# Records shown:

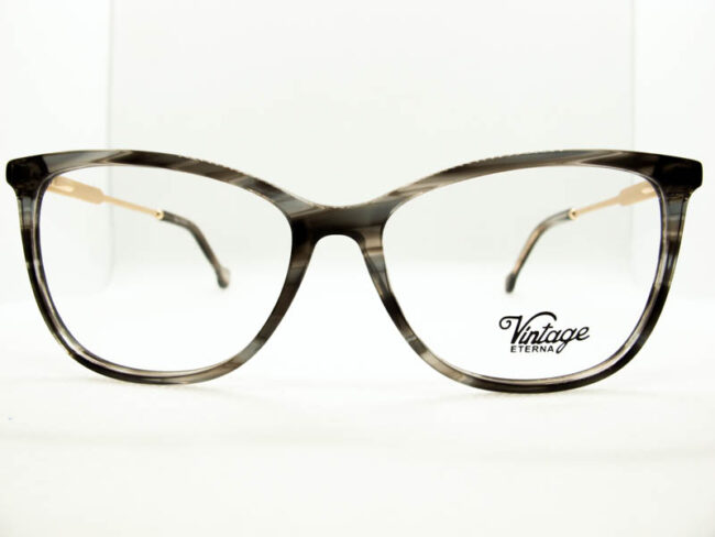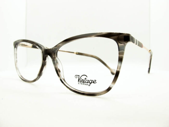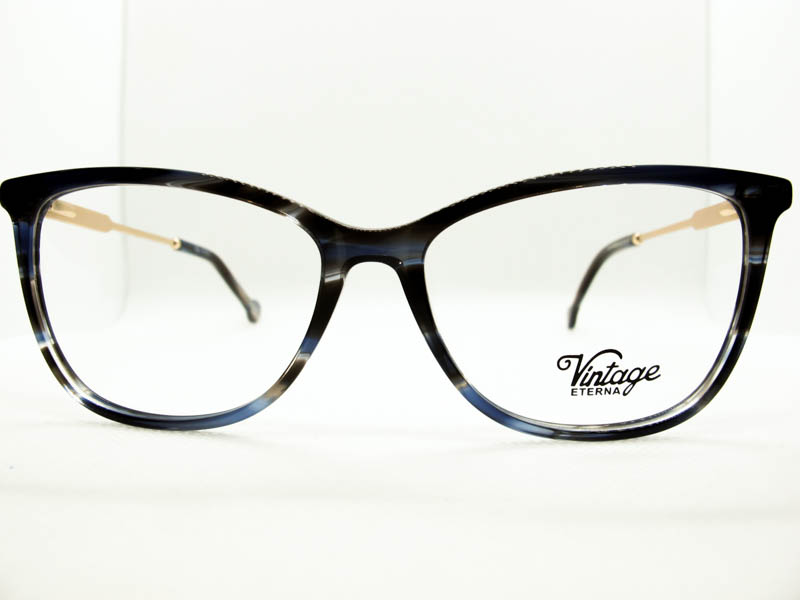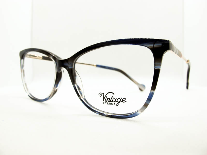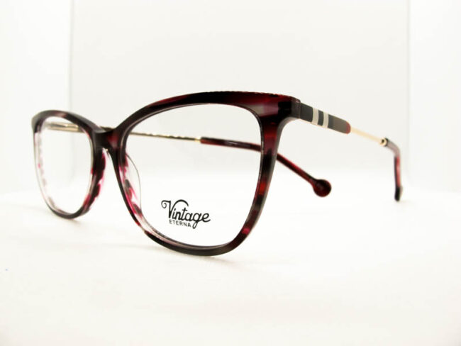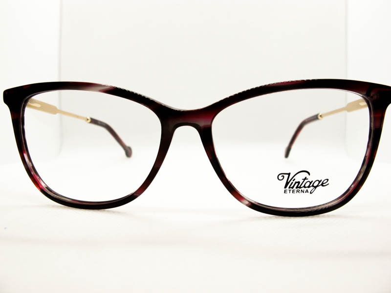 Armazon de acetato liviano estilo vintage para dama. Patillas flex de metal.
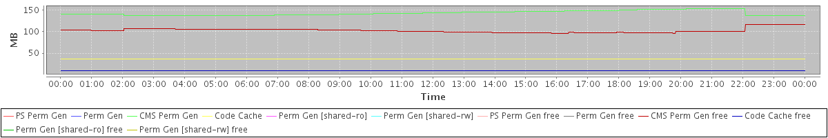 avg(PS Perm Gen) = 0.00 avg(Perm Gen) = 0.00 avg(CMS Perm Gen) = 142.64 avg(Code Cache) = 37.05 avg(Perm Gen [shared-ro]) = 0.00 avg(Perm Gen [shared-rw]) = 0.00 avg(PS Perm Gen free) = 0.00 avg(Perm Gen free) = 0.00 avg(CMS Perm Gen free) = 102.41 avg(Code Cache free) = 9.57 avg(Perm Gen [shared-ro] free) = 0.00 avg(Perm Gen [shared-rw] free) = 0.00
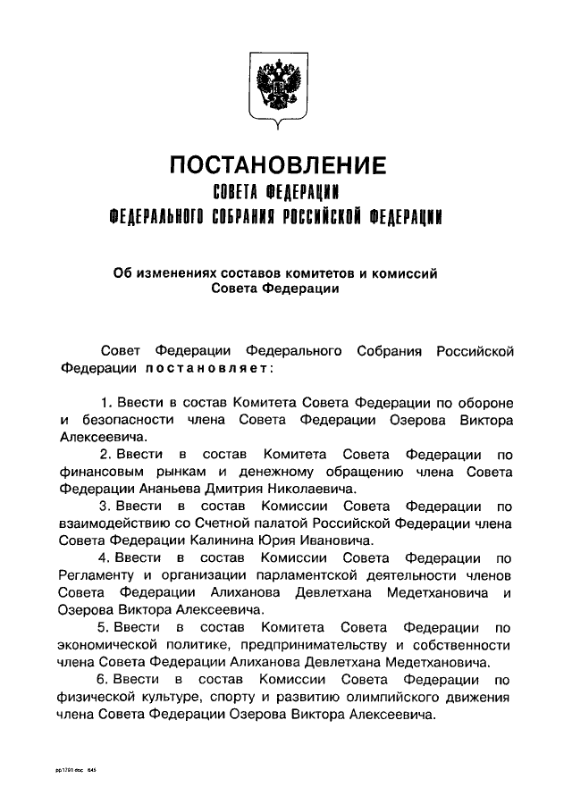"ОБ ИЗМЕНЕНИЯХ СОСТАВОВ КОМИТЕТОВ И КОМИССИЙ СОВЕТА ФЕДЕРАЦИИ"
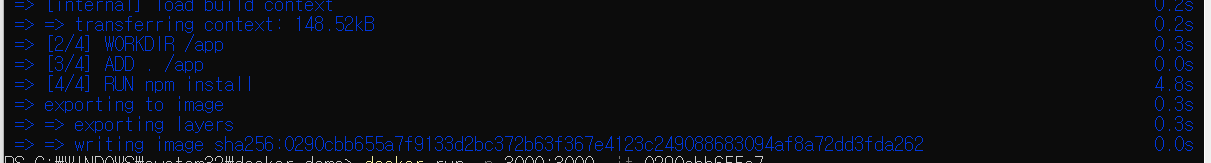 dockerfile로 설정한 것들이 제대로 생성?되었다는 것 같음
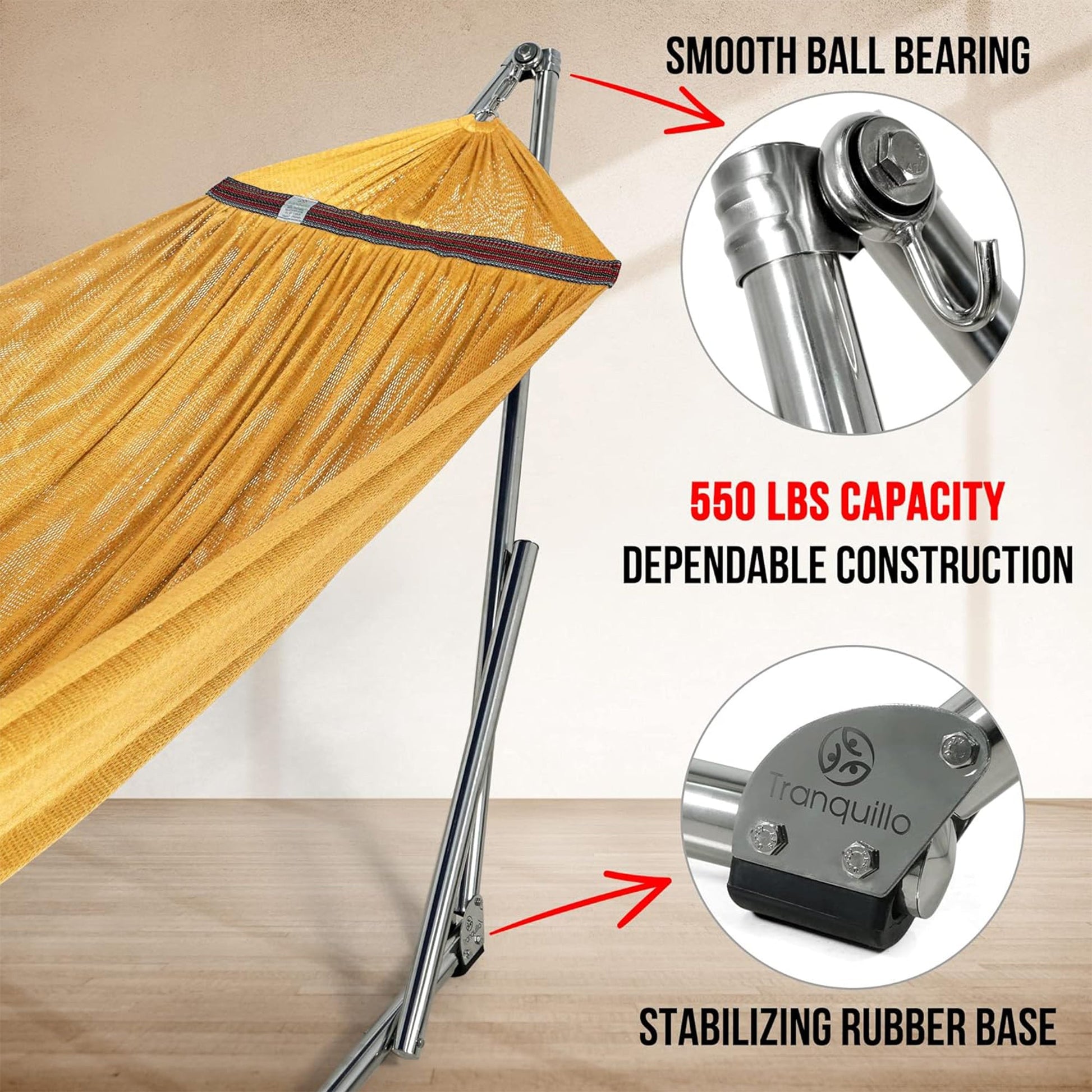 Tranquillo Universal 106" Double Hammock with Adjustable Stand and Bag, Yellow
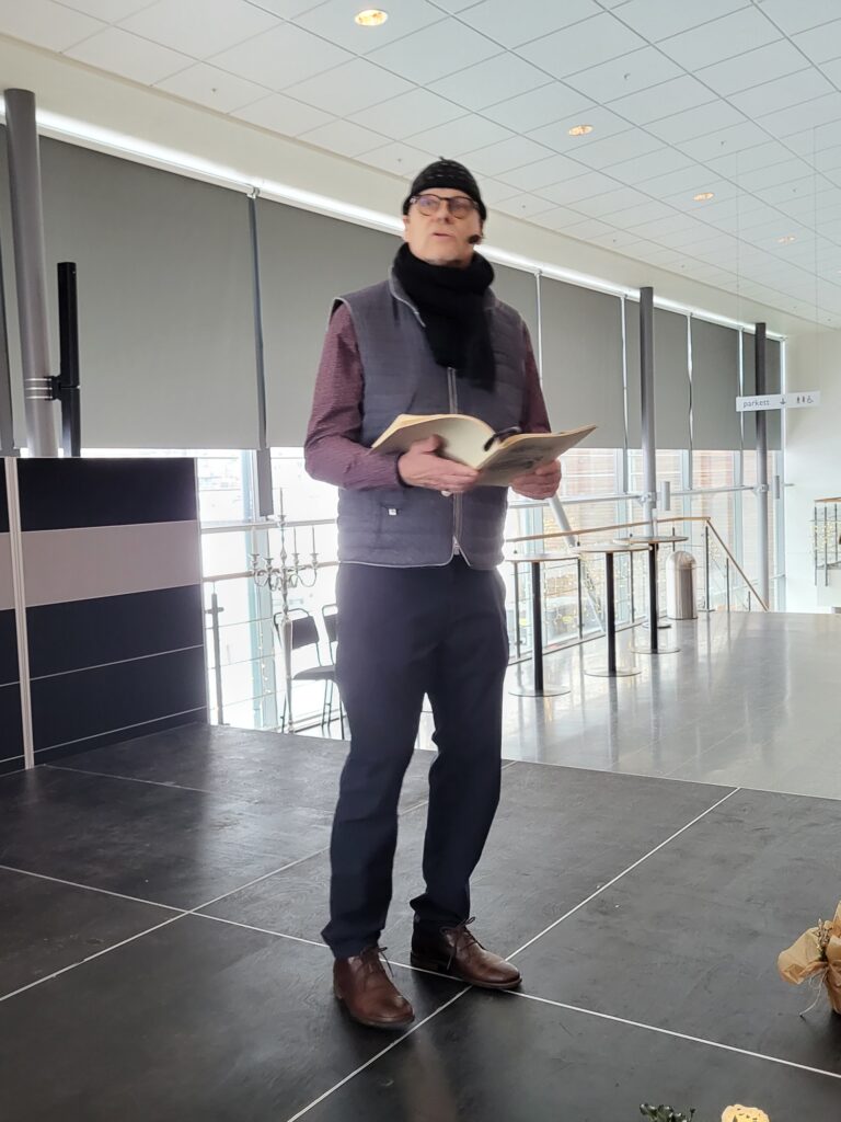 ”Det är inte bara gamla tanter som broderar” var rubriken för dagens föreläsning av Krister Persson från Borås. Han tog oss med på en spännande resa från att som en 12-årig grabb från Rosengård med ett brinnande intresse för skapande skrev berättelser, spelade in musik och broderade tavlor.
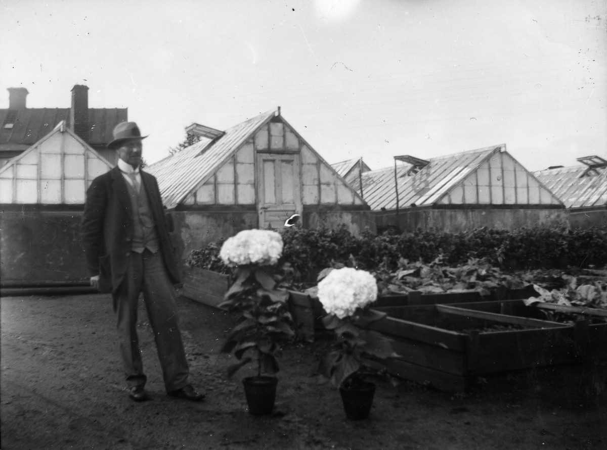 Man poserande med jättelika krukväxter, i bakgrunden växthus.
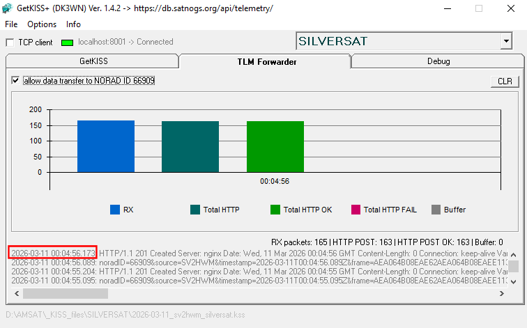Unattended rx with turnstile antenna + LNA/BPF. 163 frames uploaded to the db.

# Your objective:
Retype the data above verbatim, minus images.

# Solution for this task:
 Armazon de acetato liviano estilo vintage para dama. Patillas flex de metal.
 avg(PS Perm Gen) = 0.00 avg(Perm Gen) = 0.00 avg(CMS Perm Gen) = 142.64 avg(Code Cache) = 37.05 avg(Perm Gen [shared-ro]) = 0.00 avg(Perm Gen [shared-rw]) = 0.00 avg(PS Perm Gen free) = 0.00 avg(Perm Gen free) = 0.00 avg(CMS Perm Gen free) = 102.41 avg(Code Cache free) = 9.57 avg(Perm Gen [shared-ro] free) = 0.00 avg(Perm Gen [shared-rw] free) = 0.00
"ОБ ИЗМЕНЕНИЯХ СОСТАВОВ КОМИТЕТОВ И КОМИССИЙ СОВЕТА ФЕДЕРАЦИИ"
 dockerfile로 설정한 것들이 제대로 생성?되었다는 것 같음
 Tranquillo Universal 106" Double Hammock with Adjustable Stand and Bag, Yellow
 ”Det är inte bara gamla tanter som broderar” var rubriken för dagens föreläsning av Krister Persson från Borås. Han tog oss med på en spännande resa från att som en 12-årig grabb från Rosengård med ett brinnande intresse för skapande skrev berättelser, spelade in musik och broderade tavlor.
 Man poserande med jättelika krukväxter, i bakgrunden växthus.
Unattended rx with turnstile antenna + LNA/BPF. 163 frames uploaded to the db.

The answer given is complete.